Bnormal {bmstdr} | R Documentation |
N(theta, sigma2): Using different methods.
Description
N(theta, sigma2): Using different methods.
Usage
Bnormal(
package = "exact",
y = ydata,
mu0 = mean(y),
kprior = 0,
prior.M = 1e-04,
prior.sigma2 = c(0, 0),
N = 2000,
burn.in = 1000,
rseed = 44
)
Arguments
package |
Which package (or method) to use. Possibilities are:
|
y |
A vector of data values. Default is 28 ydata values from the package bmstdr |
mu0 |
The value of the prior mean if kprior=0. Default is the data mean. |
kprior |
A scalar providing how many data standard deviation the prior mean is from the data mean. Default value is 0. |
prior.M |
Prior sample size, defaults to 10^(-4).#' |
prior.sigma2 |
Shape and scale parameter value for the gamma prior on 1/sigma^2, the precision. |
N |
is the number of Gibbs sampling iterations |
burn.in |
is the number of initial iterations to discard before making inference. |
rseed |
is the random number seed defaults to 44. |
Value
A list containing the exact posterior means and variances of theta and sigma2
Examples
# Find the posterior mean and variance using `exact' methods - no sampling
# or approximation
Bnormal(kprior = 1, prior.M = 1, prior.sigma2 = c(2, 1))
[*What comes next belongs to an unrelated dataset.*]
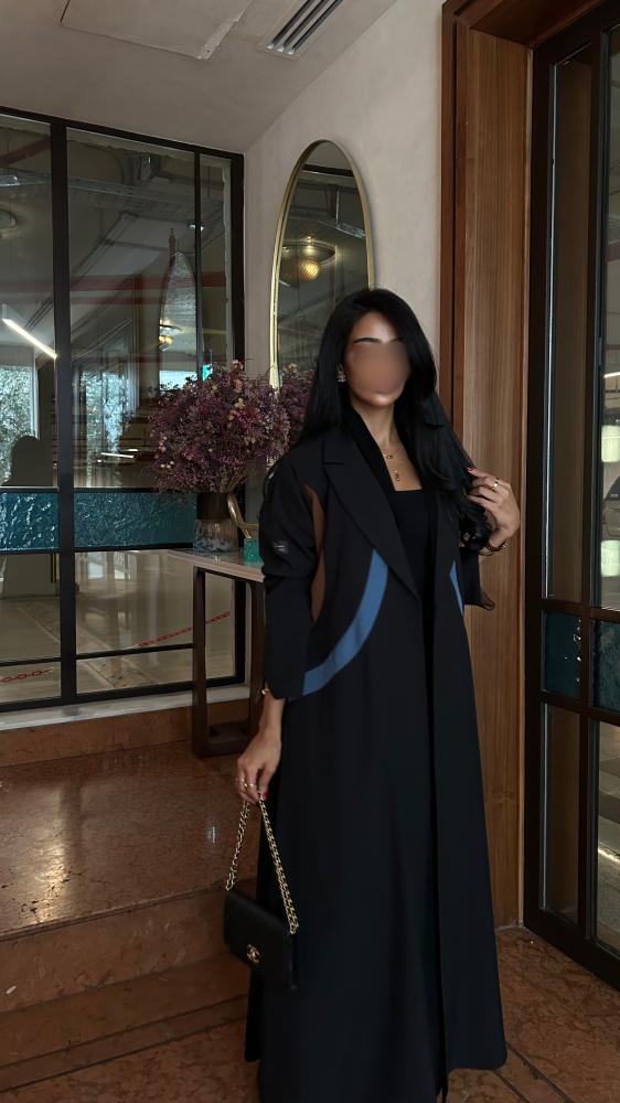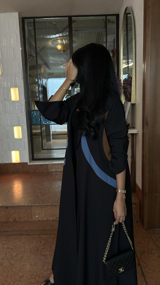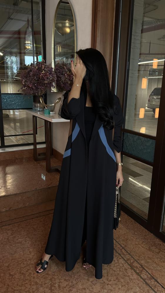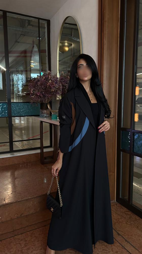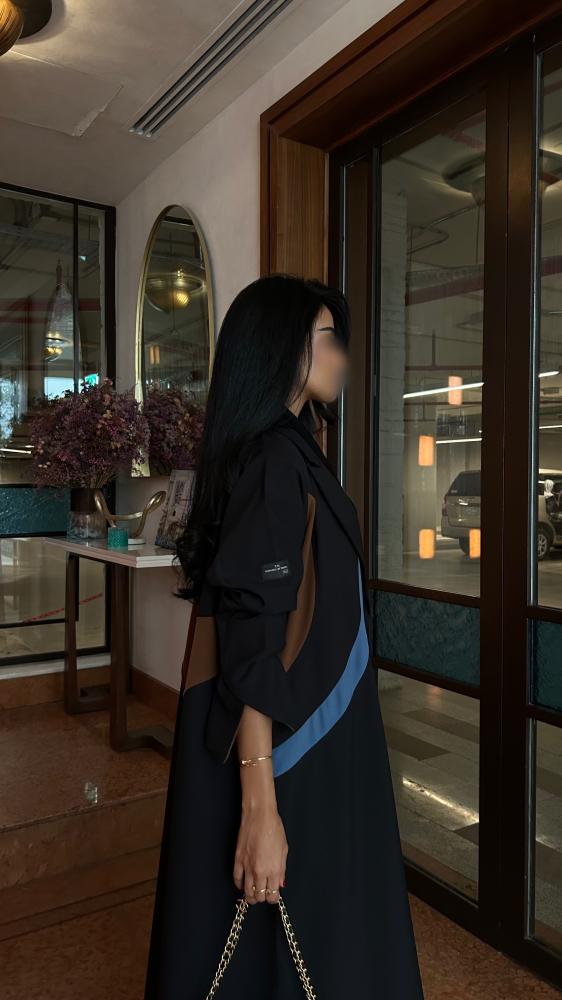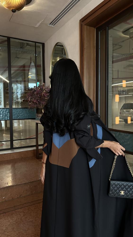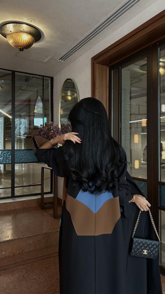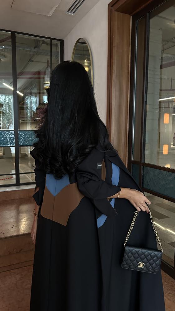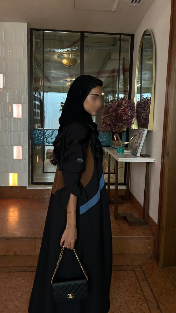 التفاصيل: عباية كريب اسود، قصة مثلث من الخلف بكريب اندونيسي بلون بني وسماوي، قصة كلوش، طرحة دقة بني وسماوي.

# Use default non-informative prior
Bnormal(mu0 = 0)
# Start creating table
y <- ydata
mu0 <- mean(y)
kprior <- 1
prior.M <- 1
prior.sigma2 <- c(2, 1)
N <- 10000
eresults <- Bnormal(package = "exact", y = y, mu0 = mu0, kprior = kprior,
prior.M = prior.M, prior.sigma2 = prior.sigma2)
eresults
# Run Gibbs sampling
samps <- Bnormal(package = "RGibbs", y = y, mu0 = mu0, kprior = kprior,
prior.M = prior.M, prior.sigma2 = prior.sigma2, N = N)
gres <- list(mean_theta = mean(samps[, 1]), var_theta = var(samps[, 1]),
mean_sigma2 = mean(samps[, 2]), var_sigma2 = var(samps[, 2]))
glow <- list(theta_low = quantile(samps[, 1], probs = 0.025), var_theta = NA,
sigma2_low = quantile(samps[, 2], probs = 0.025), var_sigma2 = NA)
gupp <- list(theta_low = quantile(samps[, 1], probs = 0.975), var_theta = NA,
sigma2_low = quantile(samps[, 2], probs = 0.975), var_sigma2 = NA)
a <- rbind(unlist(eresults), unlist(gres), unlist(glow), unlist(gupp))
cvsamp <- sqrt(samps[, 2])/samps[, 1]
cv <- c(NA, mean(cvsamp), quantile(cvsamp, probs = c(0.025, 0.975)))
u <- data.frame(a, cv)
rownames(u) <- c("Exact", "Estimate", "2.5%", "97.5%")
print(u)
# End create table
##
# Compute using the model fitted by Stan
u <- Bnormal(package = "stan", kprior = 1, prior.M = 1, prior.sigma = c(2, 1),
N = 2000, burn.in = 1000)
print(u)
###
# Compute using INLA
if (require(INLA)) {
u <- Bnormal(package = "inla", kprior = 1, prior.M = 1, prior.sigma = c(2,
1), N = 1000)
print(u)
}